Money Changing Hands
The Brew traced more than $32,000 in campaign contributions to Pugh from top executives at BGE and parent company Exelon.
In addition, John W. Rogers Jr., an Exelon director, paid $3,680 to buy 400 copies of Pugh’s “Healthy Holly” children’s book, which he distributed at a California leadership conference that featured Pugh as a speaker.
Young reported a $1,000 campaign contribution from BGE last November 15, two days after the first Council hearing on the franchise bill.
Earlier in 2018, Young received $1,000 from Joseph Nigro, an Exelon executive.
To appease critics of the franchise price, the law department and BGE recently came up with the $2 million figure.
Last Tuesday, Burnett cited the new figure – taking credit for “an increased payout, an agreement by BGE of $600,000” – when the Housing and Urban Affairs Committee approved the agreement and sent it to the full Council.
As is customary for the chief sponsor of a bill, Burnett was asked yesterday to outline the contents of Bill 18-0298 at the Council luncheon.
That’s when Young announced, “No, no, no,” and Middleton swiftly pivoted to other matters.
Burnett: “Is it on the Board of Estimates agenda? I don’t know about that.”
John Bullock, chair of the committee, later confirmed that the franchise bill was being pulled from the agenda.
Asked if the measure was also being pulled from the BOE, Burnett said, “yes,” but expressed surprise to hear it was still on the agenda. “For Wednesday?” he asked. “I don’t know about that.”
At this point, Michael Huber, a Young aide, interjected to say that the franchise approval would remain on the BOE agenda.

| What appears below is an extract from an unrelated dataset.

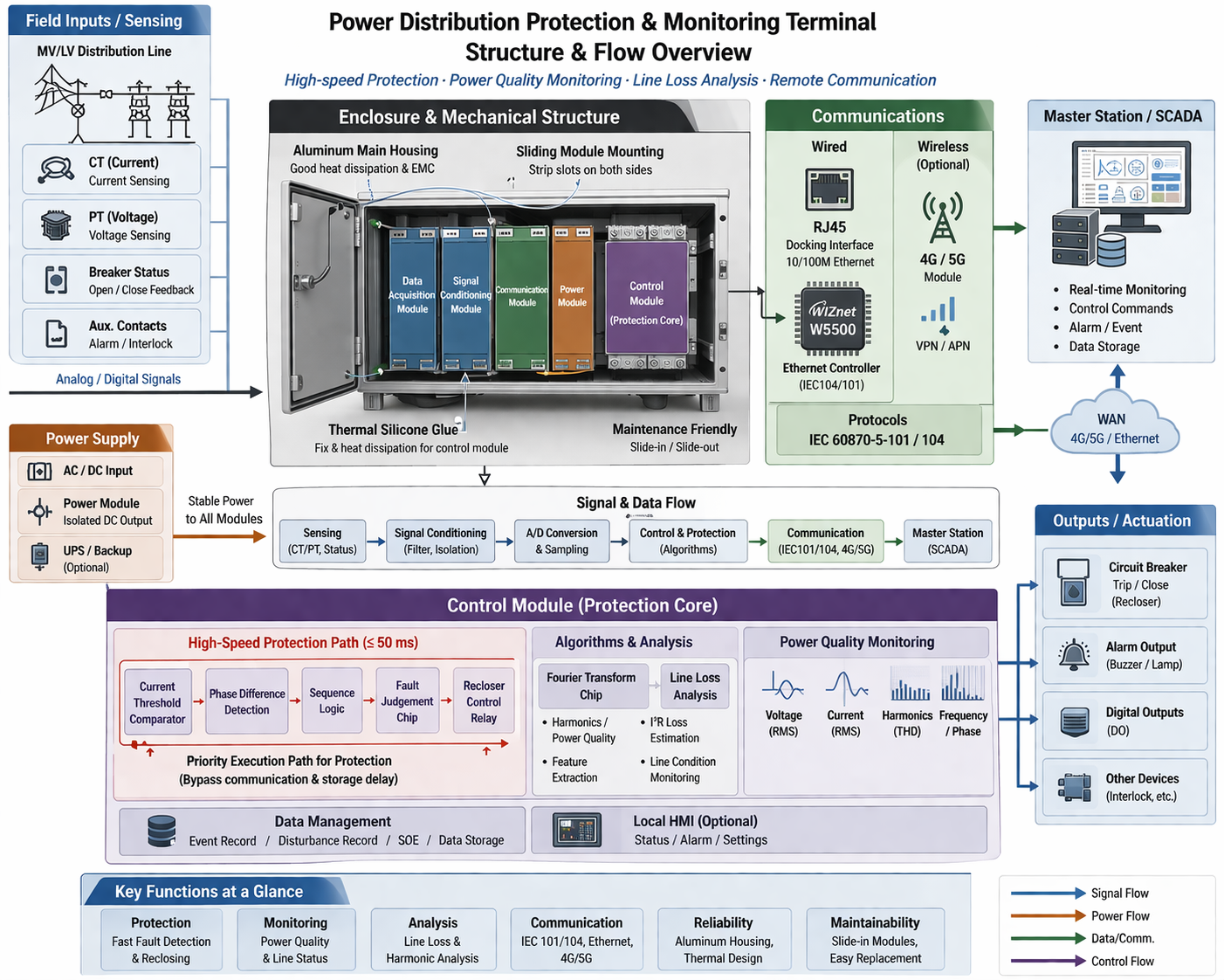 This utility model packages protection, power-quality monitoring, line-loss analysis, and mixed wired/wireless links into a modular field unit built for service

“The board is who officially sets the franchise,” Huber said. “That’s why it has to go to the board and then back to the Council.”
An aide to Young, when asked about the sequence of events: “I’m not talking to you.”

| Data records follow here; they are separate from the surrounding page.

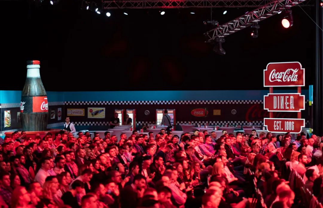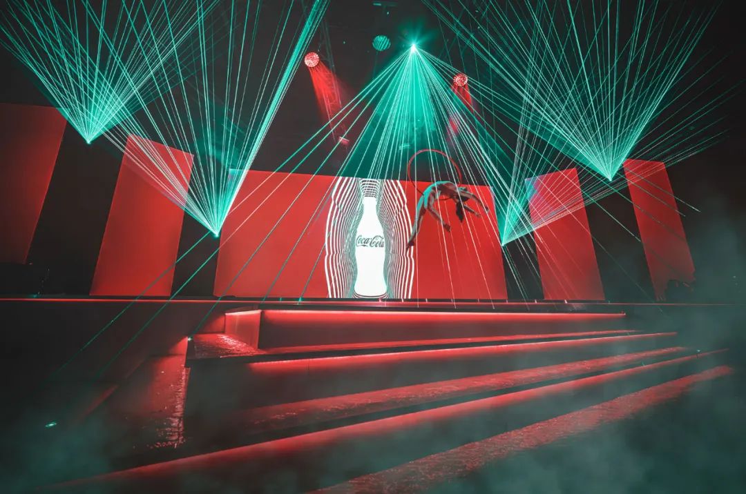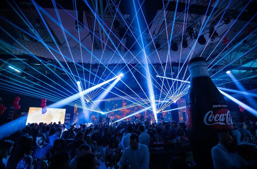 可口可乐HBC是可口可乐公司最大的装瓶厂之一,也是欧洲最大的装瓶厂。今年的可口可乐HBC活动的概念是受到了美国城市的典型特征和可口可乐品牌的价值观的启发,活动突出了直妥妥的美国生活方式,活动现场的各种灯光运用强化了现场沉浸式体验感。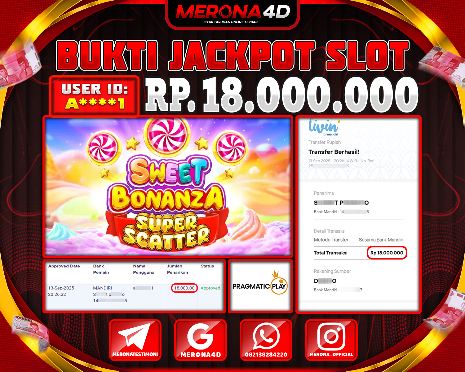 Selamat Kepada Member MERONA4D A****1 Telah Jackpot Di SWEET BONANZA SUPER SCATTER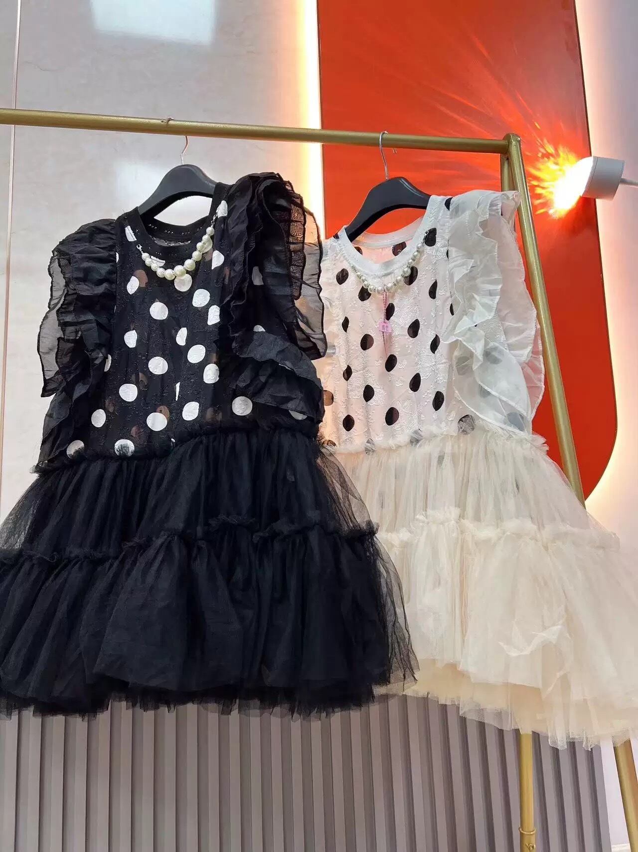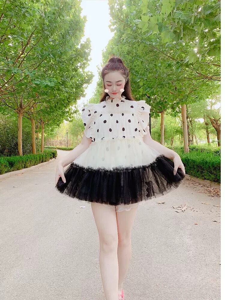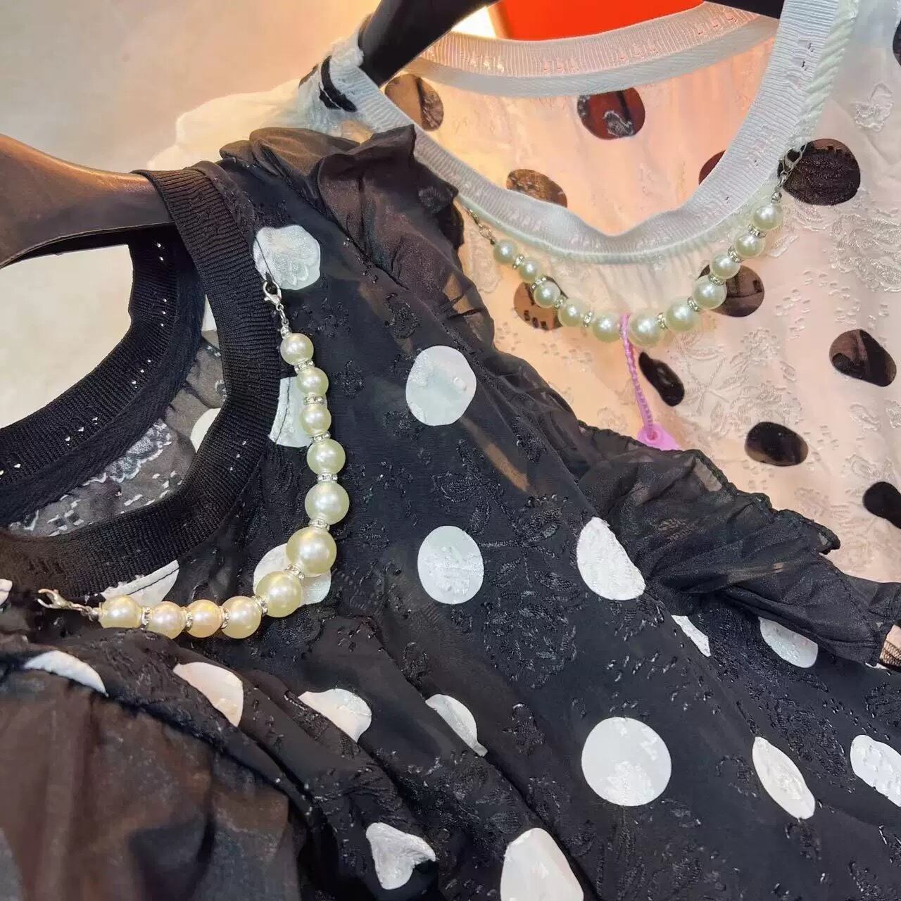 黒 白 ブラウス パールネックレス 水玉 ドット ゆったり ブラウス ワンピース チュニック

What figure – $2 million or $1.4 million – will come before the board, Huber was asked.
“The board sets the agenda,” he repeated. “You’ll have to read the agenda. I don’t know.”

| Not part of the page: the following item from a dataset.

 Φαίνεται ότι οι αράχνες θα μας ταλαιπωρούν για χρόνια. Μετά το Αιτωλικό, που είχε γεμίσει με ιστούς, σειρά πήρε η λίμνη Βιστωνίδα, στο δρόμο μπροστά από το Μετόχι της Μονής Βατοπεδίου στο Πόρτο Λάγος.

”And,” turning to directly address the reporter, “I’m not talking to you. I’m talking to him [Burnett].”
Pass Now, Amend Later
By phone last night, Burnett told The Brew that the pipeline franchise was held because the law department told the Council that proper procedure was not being followed.
(The same law department had approved the submission of the bill to the Council before it came under fire by the Friends group.)
“On Wednesday, the Board of Estimates will vote on the franchise, and it will be $1.4 million,” Burnett said. “The additional $600,000 will be added by amendment later by the Board of Estimates.”
The bill would go to the full Council at the $1.4 million level in the near future. After it is approved, he said, the fee will be increased to $2 million by the Board of Estimates.
Asked why it was being done in this way, Burnett said “for consistency” with the 2017 agreement with BGE approved by Pugh, Young and the rest of the BOE.
Elaborating on what Burnett told The Brew, Young’s spokesman Lester Davis said the city charter prescribes the unusual sequence in order for a franchise to be granted, starting with introduction on 1st Reader, followed by referral to committee for a public hearing.
“Following the hearing, the bill is to be sent to the Board of Estimates, which determines the franchise fee and will send it back to the council where it will then be considered on 2nd Reader.” Davis said.
The bill was taken off the Monday night agenda, Davis said, after “somebody at the Law Department noticed that it inadvertently listed Bill 18-0298 on 2nd Reader.”
50-Foot-Wide Clear-cut Zone
Among other things, the agreement allowed the utility to cut down nearly 800 parkland trees – 11,345 inches of “accountable tree loss” to be exact – to build the pipeline.
Many of the trees were old-growth trees in what is described by environmentalists as the third largest urban wilderness park in the U.S.
Because BGE wants to inspect the pipeline from the air, the Pugh administration agreed to a 50-foot-wide right-of-way, permanently devoid of trees or brush, to run across 2.2 miles of the park.
BGE has agreed to pay for restoration of a playing field, nature trails and equipment destroyed during construction.